In 1889 two of Frederick and Abigail’s children died as a result of phthisis (pulmonary tuberculosis i.e. TB). Robert died in May, aged 25, and Martha died in July, aged 27. The following year in 1890 Anna Mary married Robert Lougheed Allen, a fellow teacher (he later became a barrister). She was the only child of Frederick and Abigail to marry and have children – much of our information about the house comes from this branch of the family. 

At the time of the 1901 census, the house was inhabited by Frederick and Abigail, their daughter Margaret (a clerk in the G.P.O.), Frederick’s sister Anna Jane and the family’s farm servant Frederick McLernon. 

Between the 1901 and 1911 census, some significant changes to the family occurred. Frederick died in March 1904 and a few months later in July, the family sold off a great deal of their farm stock, crop and implements at auction. Anna Jane also died in 1906. By the time of the 1911 census, Emily Jane (a National School teacher) had returned home. She is listed in the census along with her sister Margaret, her mother Abigail and the family’s domestic servant Bridget Donnelly. 
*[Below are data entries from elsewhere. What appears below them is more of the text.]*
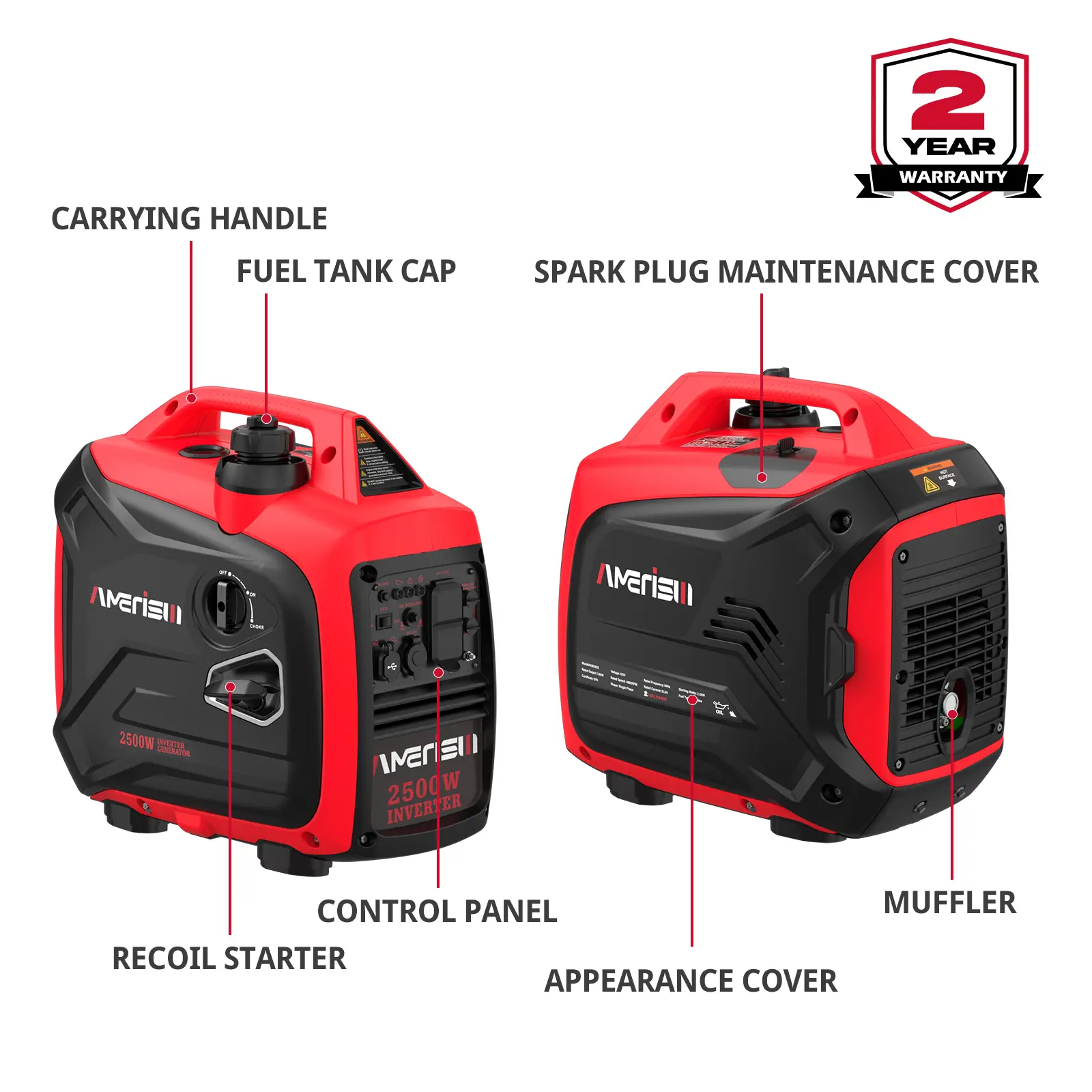 ·Features a CARB compliant, low-oil shutdown, overload protection and Eco-mode. 2-year warranty with FREE lifetime technical support from experts.
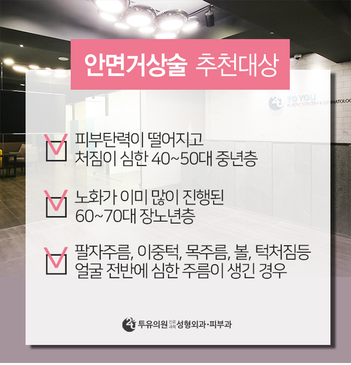 안면거상술 성형외과 투유은 턱선 볼선 목선을 리프팅하는데
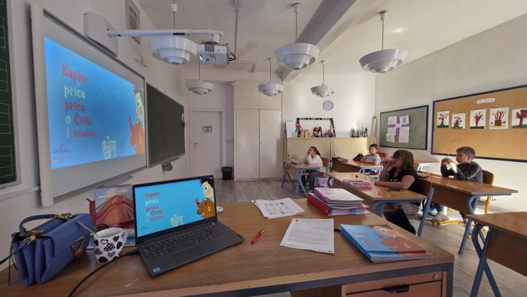 Darivanje krvi jedan je od najplemenitijih načina pomaganja drugima. Zato je važno da djeca od najranije dobi uče o dobroti, empatiji i važnosti pomaganja. Djelatnici Hrvatskog zavoda za transfuzijsku medicinu osmislili su prekrasnu slikovnicu „Kapko priča priču o Cviti i mladiću“ kojom djeci kroz zanimljivu priču o životinjama približavaju temu darivanja krvi i važnost dobrote. Naši su prvaši s učiteljicom Nelom s veseljem primili slikovnice povodom Dana darivatelja krvi, a prema priči je nastao i animirani film! Od srca hvala Hrvatskom zavodu za transfuzijsku medicinu na ovoj divnoj donaciji i na trudu da našim najmlađima na tako lijep način prenesu poruku humanosti. Vjerujemo da će naši učenici, kada odrastu, i sami postati darivatelji krvi – ljudi velikog srca. ![]()

During the first half of the 20th century the house remained home to members of the McCullagh family. Abigail died in April 1918 and in 1919, Emily Jane and Margaret’s niece Susan Lougheed Calwell died at the house as a result of pulmonary tuberculosis (TB) at the age of 26. 

Following the death of Emily Jane, the house and farm were put up for sale by public auction in 1939 and sold for £720. The household effects and furniture were also disposed of at this time. Margaret retired to live with relatives in Lisburn, County Down.

Learn more about the McCullagh family through an oral history interview with Hugh McCluskey and John Andrews.

HOYFM.R1993.13

The Road to Cultra 

The house was sold to a neighbouring farmer and local potato merchant, Mr. Alex Bell. The Bell family did not live in the old house but for a several years rented it out to a local family called Murphy. When the house became vacant it was used as an agricultural store and poultry house by the Bell family. 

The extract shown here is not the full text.